■ SUPPLIED MATERIAL:
# # # # #

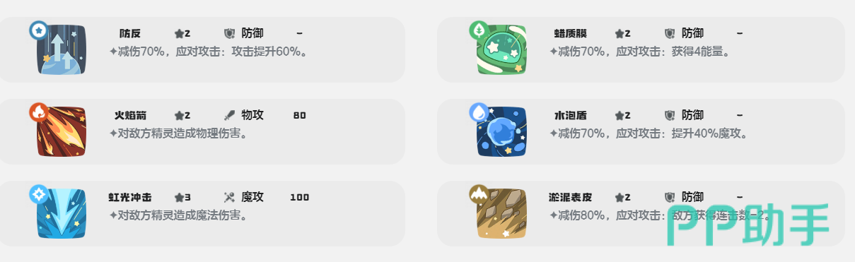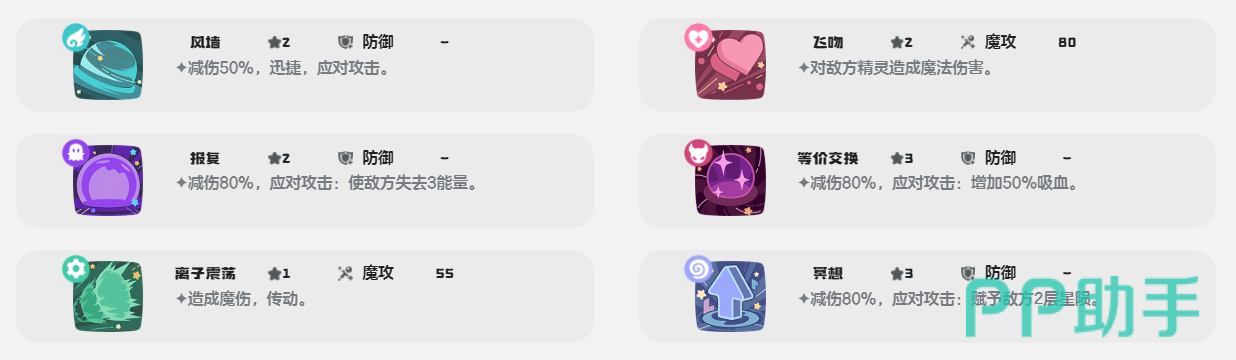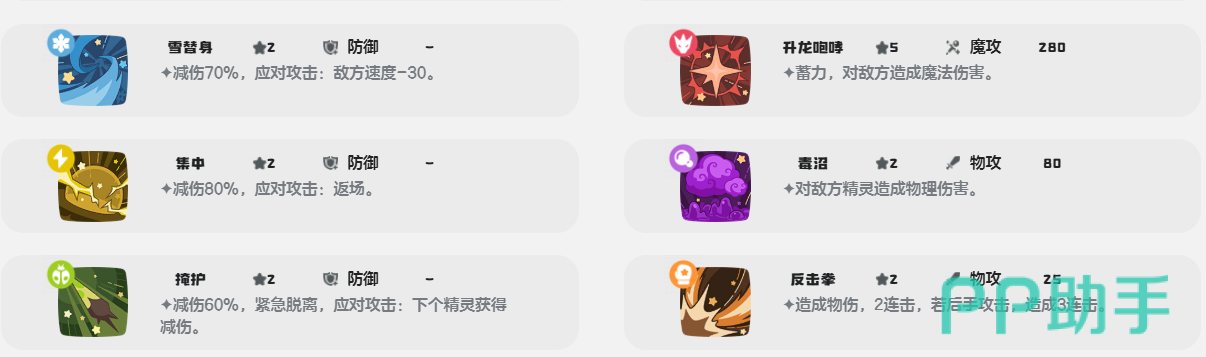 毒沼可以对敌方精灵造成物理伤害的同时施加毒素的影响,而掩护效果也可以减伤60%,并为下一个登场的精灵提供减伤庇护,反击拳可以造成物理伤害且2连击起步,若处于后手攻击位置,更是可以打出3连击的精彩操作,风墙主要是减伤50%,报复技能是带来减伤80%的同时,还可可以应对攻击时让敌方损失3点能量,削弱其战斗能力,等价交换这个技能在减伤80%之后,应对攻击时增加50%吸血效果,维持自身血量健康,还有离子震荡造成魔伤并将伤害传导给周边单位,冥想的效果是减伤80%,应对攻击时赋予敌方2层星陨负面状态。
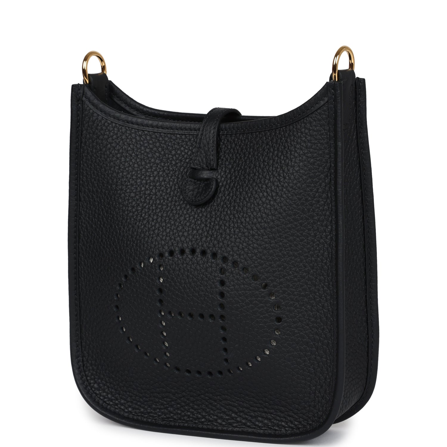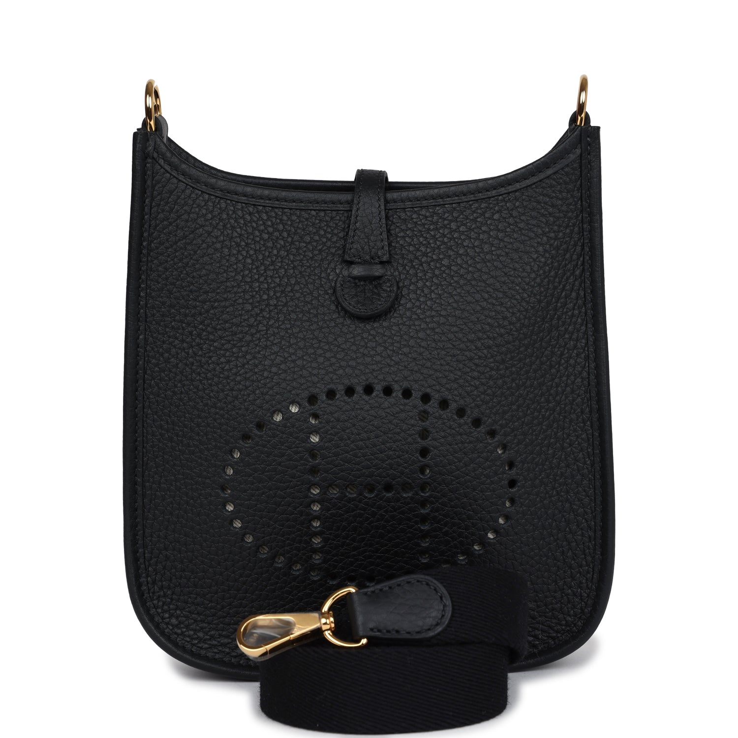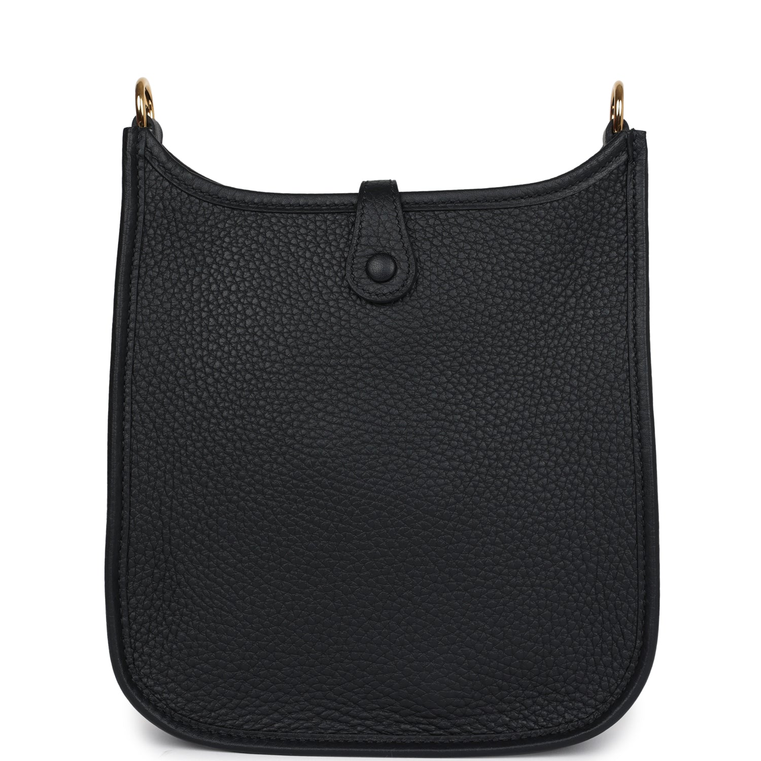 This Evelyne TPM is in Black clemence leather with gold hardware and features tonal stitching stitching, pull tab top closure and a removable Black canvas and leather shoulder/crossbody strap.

# # # # #

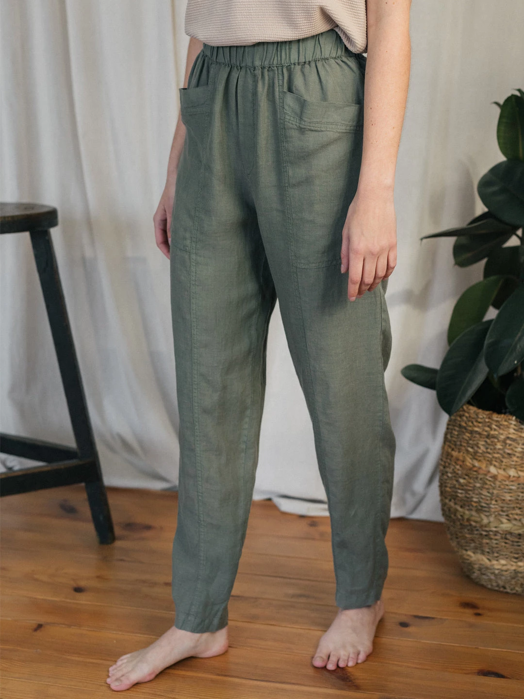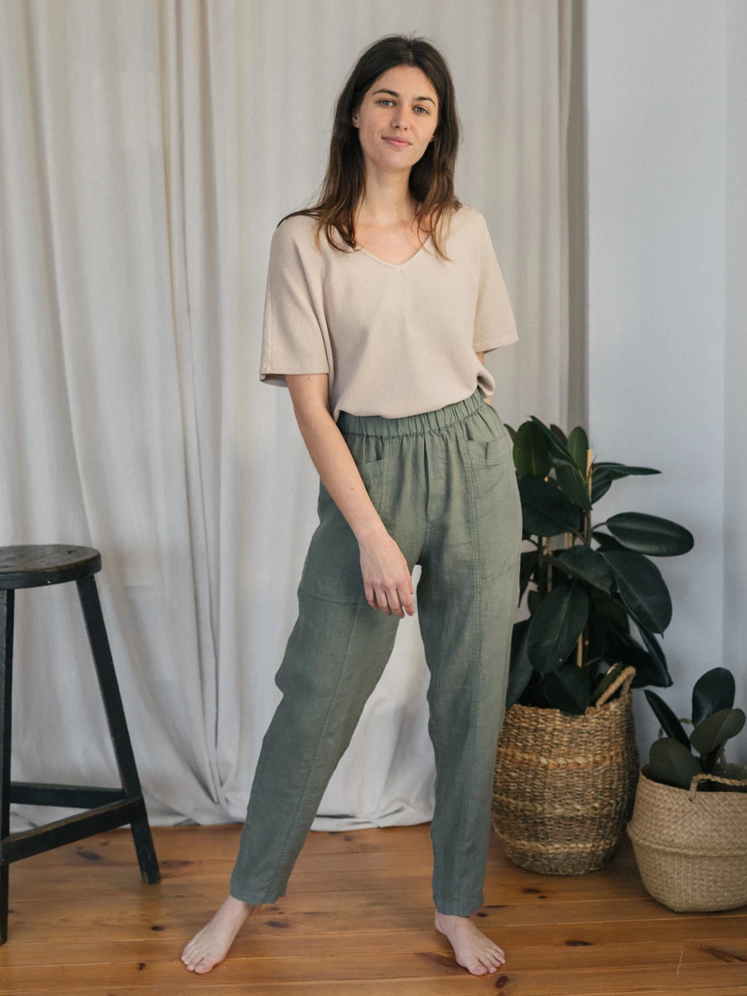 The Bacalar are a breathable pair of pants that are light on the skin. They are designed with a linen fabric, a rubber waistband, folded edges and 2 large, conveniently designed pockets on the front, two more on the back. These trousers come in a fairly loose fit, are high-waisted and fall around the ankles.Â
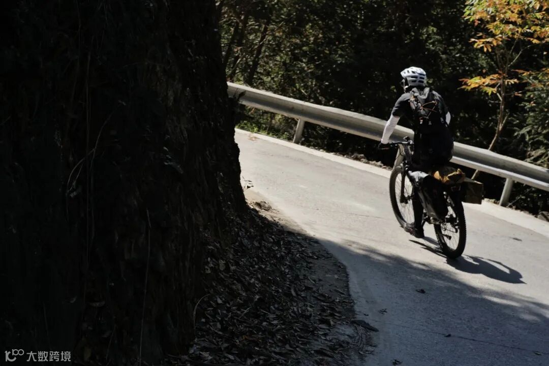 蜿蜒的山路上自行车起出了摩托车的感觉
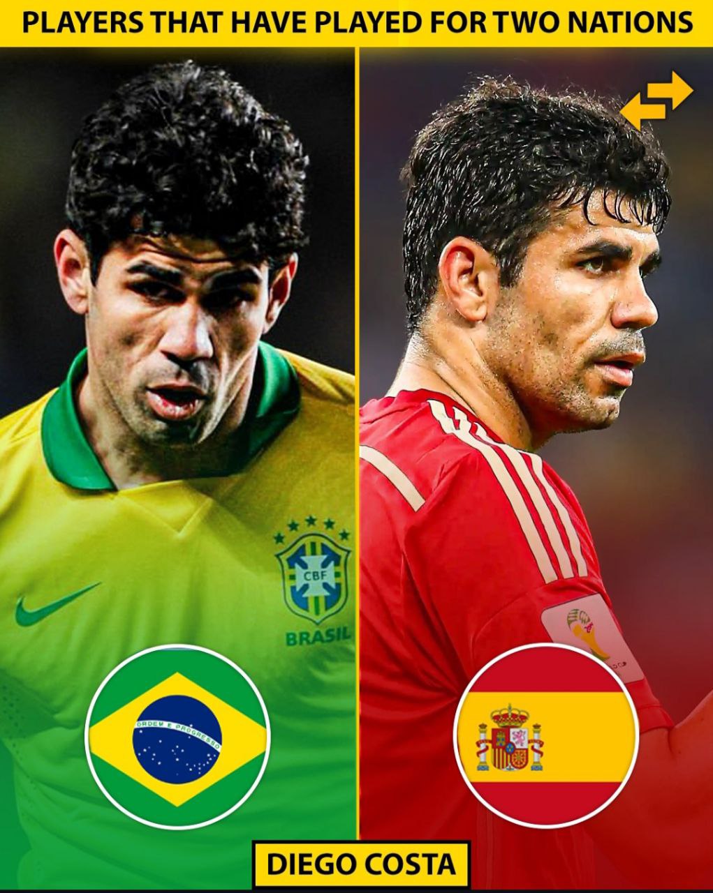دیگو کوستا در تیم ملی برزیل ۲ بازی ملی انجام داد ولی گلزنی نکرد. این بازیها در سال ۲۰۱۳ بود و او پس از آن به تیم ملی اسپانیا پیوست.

# # # # #

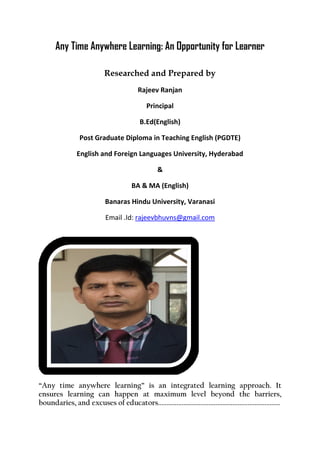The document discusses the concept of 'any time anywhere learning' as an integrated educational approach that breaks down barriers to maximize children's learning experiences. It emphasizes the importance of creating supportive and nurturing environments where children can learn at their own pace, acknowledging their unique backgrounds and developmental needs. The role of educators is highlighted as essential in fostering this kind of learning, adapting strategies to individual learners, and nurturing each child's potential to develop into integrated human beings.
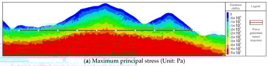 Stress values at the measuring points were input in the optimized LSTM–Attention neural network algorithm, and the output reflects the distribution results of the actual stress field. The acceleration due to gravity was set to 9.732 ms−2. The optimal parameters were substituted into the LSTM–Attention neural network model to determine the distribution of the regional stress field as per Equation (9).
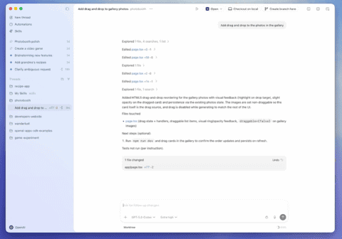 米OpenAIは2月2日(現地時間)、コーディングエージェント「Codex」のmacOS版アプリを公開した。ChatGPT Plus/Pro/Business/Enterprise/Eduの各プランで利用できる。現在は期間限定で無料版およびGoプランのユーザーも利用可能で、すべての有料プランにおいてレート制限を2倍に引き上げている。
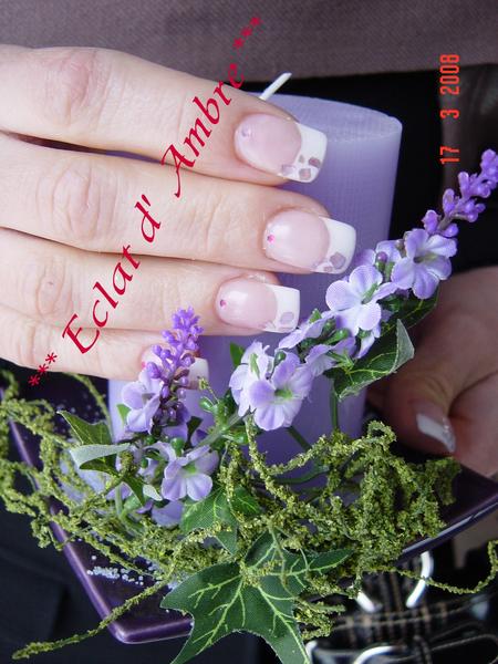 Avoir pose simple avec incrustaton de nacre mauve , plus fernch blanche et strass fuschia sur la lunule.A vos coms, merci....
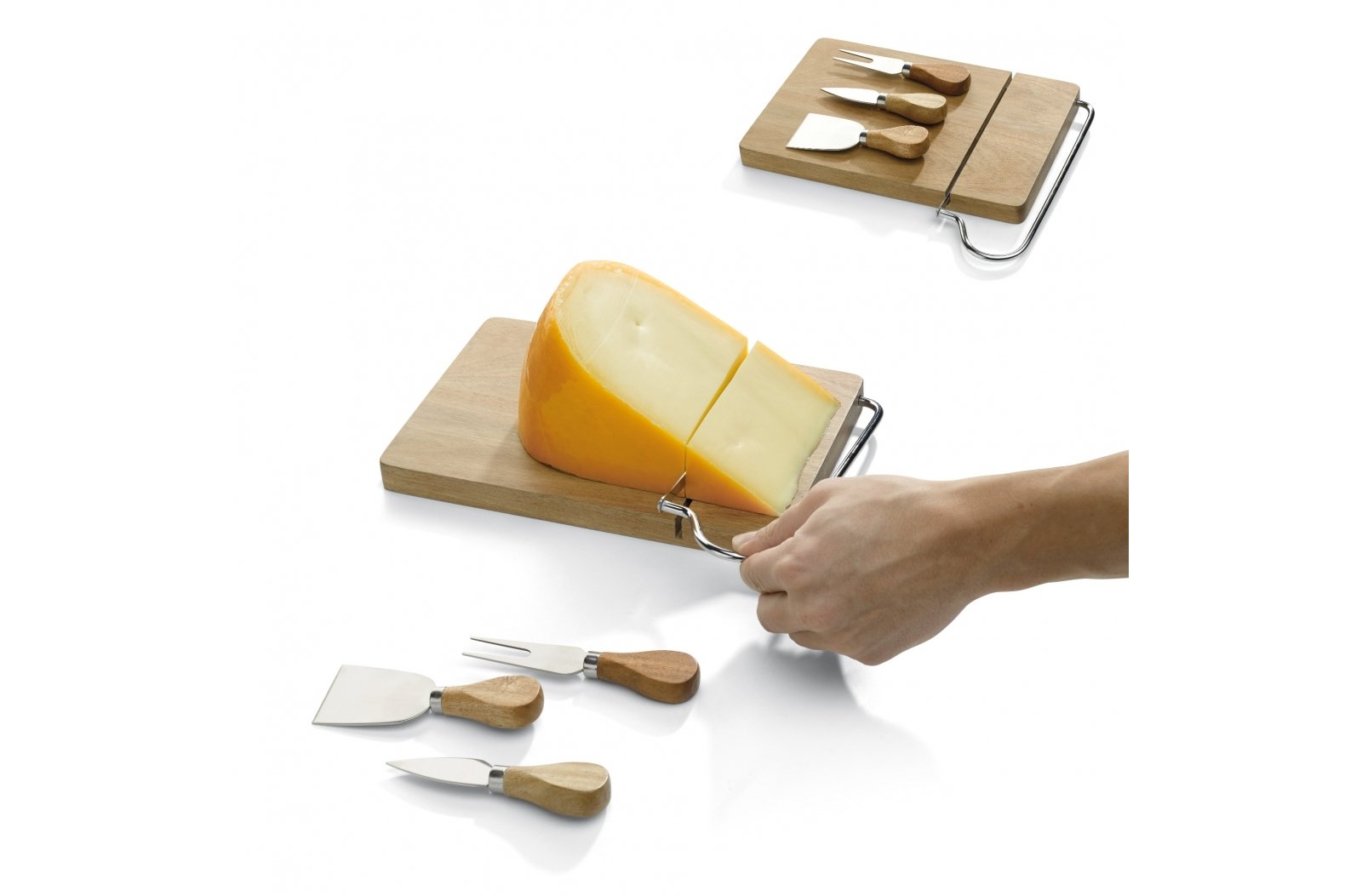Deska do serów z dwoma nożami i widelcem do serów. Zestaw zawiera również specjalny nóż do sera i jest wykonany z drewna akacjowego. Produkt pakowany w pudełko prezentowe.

# # # # #

■ ACTION ITEM: Only the lines above from the one containing "毒沼可以对敌方精灵造成物理伤" through the one containing "This Evelyne TPM" should be returned, verbatim and inclusive, with pictures excluded.

■ EXERCISE RESPONSE:
 毒沼可以对敌方精灵造成物理伤害的同时施加毒素的影响,而掩护效果也可以减伤60%,并为下一个登场的精灵提供减伤庇护,反击拳可以造成物理伤害且2连击起步,若处于后手攻击位置,更是可以打出3连击的精彩操作,风墙主要是减伤50%,报复技能是带来减伤80%的同时,还可可以应对攻击时让敌方损失3点能量,削弱其战斗能力,等价交换这个技能在减伤80%之后,应对攻击时增加50%吸血效果,维持自身血量健康,还有离子震荡造成魔伤并将伤害传导给周边单位,冥想的效果是减伤80%,应对攻击时赋予敌方2层星陨负面状态。
 This Evelyne TPM is in Black clemence leather with gold hardware and features tonal stitching stitching, pull tab top closure and a removable Black canvas and leather shoulder/crossbody strap.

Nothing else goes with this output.